Herpes simplex virus (HSV) infections are among the most common communicable diseases of humans. The natural history of HSV infection is influenced by two features of the virus: (1) There are two distinct HSV serotypes: HSV-1, which is transmitted chiefly via a non-genital route, and HSV-2, which is most often transmitted sexually or from a mother’s genital infection to the newborn; and (2) during initial (primary) infection, HSV establishes a persistent state that is maintained for the life of the host.
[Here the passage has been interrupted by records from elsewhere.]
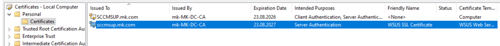 - Once complete, you should see the new WSUS SSL certificate listed in the Local Computer store.
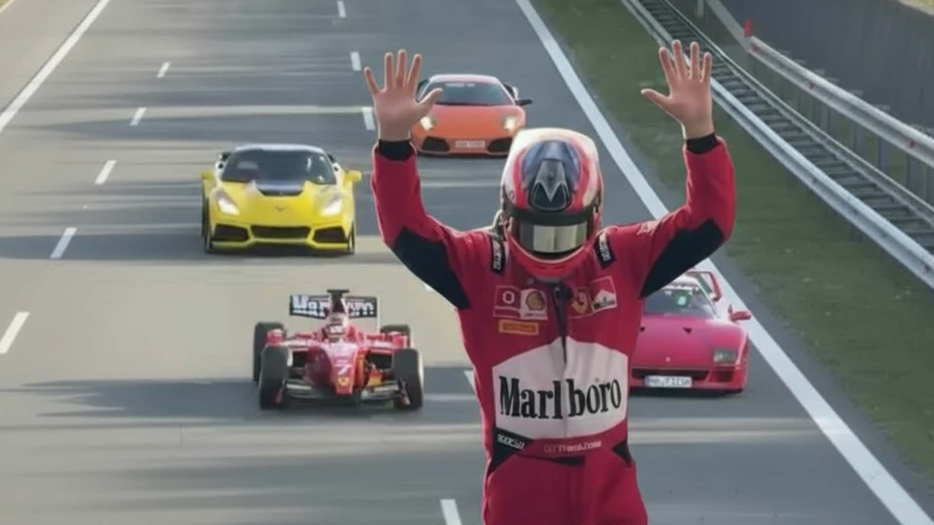 Auf einem TikTok-Video des tschechischen Online-Nachrichtenmagazin Novinky.cz, das anschließend im Netz kursierte, ist ein Konvoi aus Supersportwagen zu sehen, der den roten Formel-Boliden im Marlboro-Design über die Autobahn D4 bei Příbram eskortiert. Neben einem Bentley Continental GTC als möglichem Kamerafahrzeug tauchen auch ein Lamborghini, eine Corvette C7 und ein legendärer Ferrari F40 auf. Der markerschütternde Sound des GP2-Rennwagens mit seinem 4,0-Liter-V8-Saugmotor mit über 600 PS ließ die Telefone bei der Polizei heißlaufen.
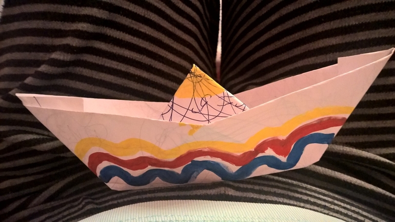 У нас на улице ручьев пока не наблюдается. Но мы занялись оригами. Наделали корабликов - заготовок для будущих ручьев. Включила мастер класс по изготовлению корабликов и мы с дочкой (я тоже не умела делать кораблики) смастерили по первому кораблику в своей жизни)
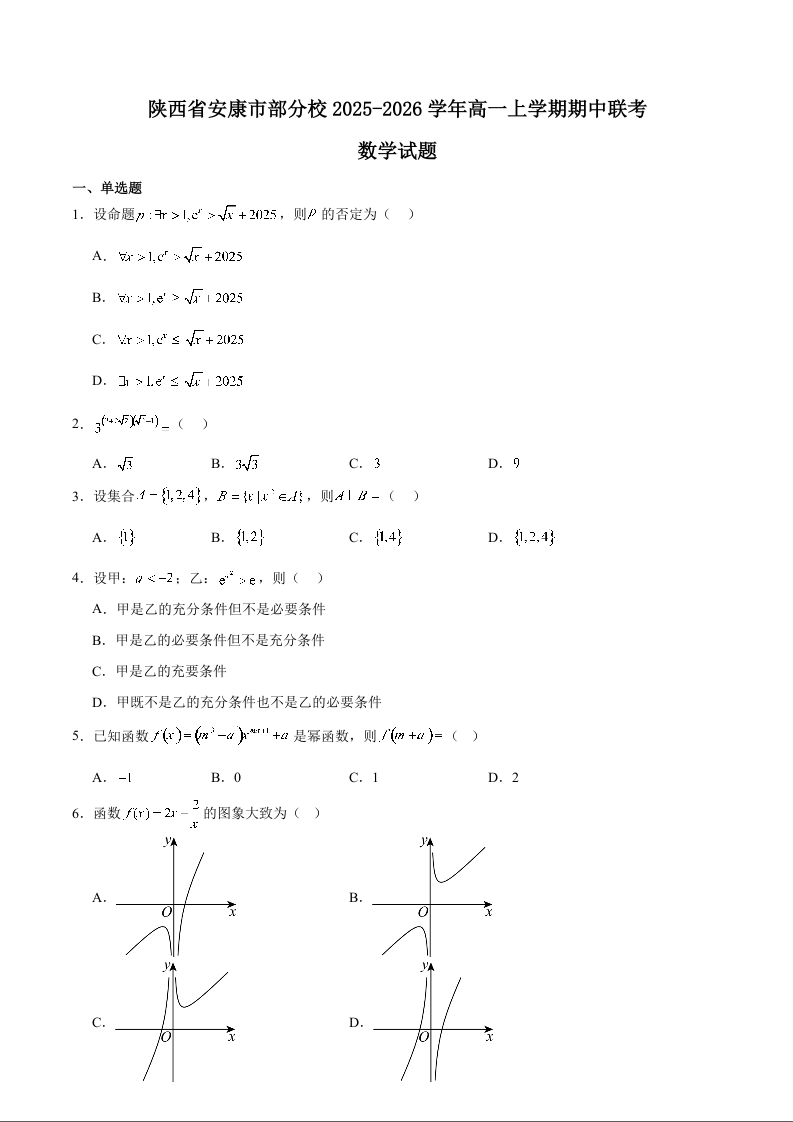 陕西省安康市2025-2026学年高一上学期期中联考 数学试题(含答案).docx

Periodically, the latent virus can be reactivated to cause symptomatic or subclinical recurrent infections. Hence, HSV infections may range from subclinical to life threatening, and the specific clinical illness will be determined by the portal of virus entry, the competence of the host immune system, and whether the infection is primary or recurrent.(248) Unless resulting from autoinoculation or sexual spread from the mouth to genital sites, HSV-1 infections occur most frequently during childhood and affect most often the mouth, lips, and skin sites above the waist; HSV-2 infections, on the other hand, occur most often during adolescence and young adulthood and involve skin sites below the waist, most often the genitalia. It should be emphasized, however, that both HSV-1 and HSV-2 can cause clinically indistinguishable infections above or below the waist. Most infections in newborns result from the infant passing through an infected birth canal or as an ascending infection; thus, most are due to HSV-2, although HSV-1 maternal genital infection is well documented. Postpartum infection of the newborn is uncommon but may be a particular problem with premature infants and babies born to women with primary, nongenital infection.

Keywords

Herpes Simplex Virus Herpes Simplex Virus Type Genital Herpes Herpes Simplex Virus Infection Recurrent Genital Herpes 
These keywords were added by machine and not by the authors. This process is experimental and the keywords may be updated as the learning algorithm improves.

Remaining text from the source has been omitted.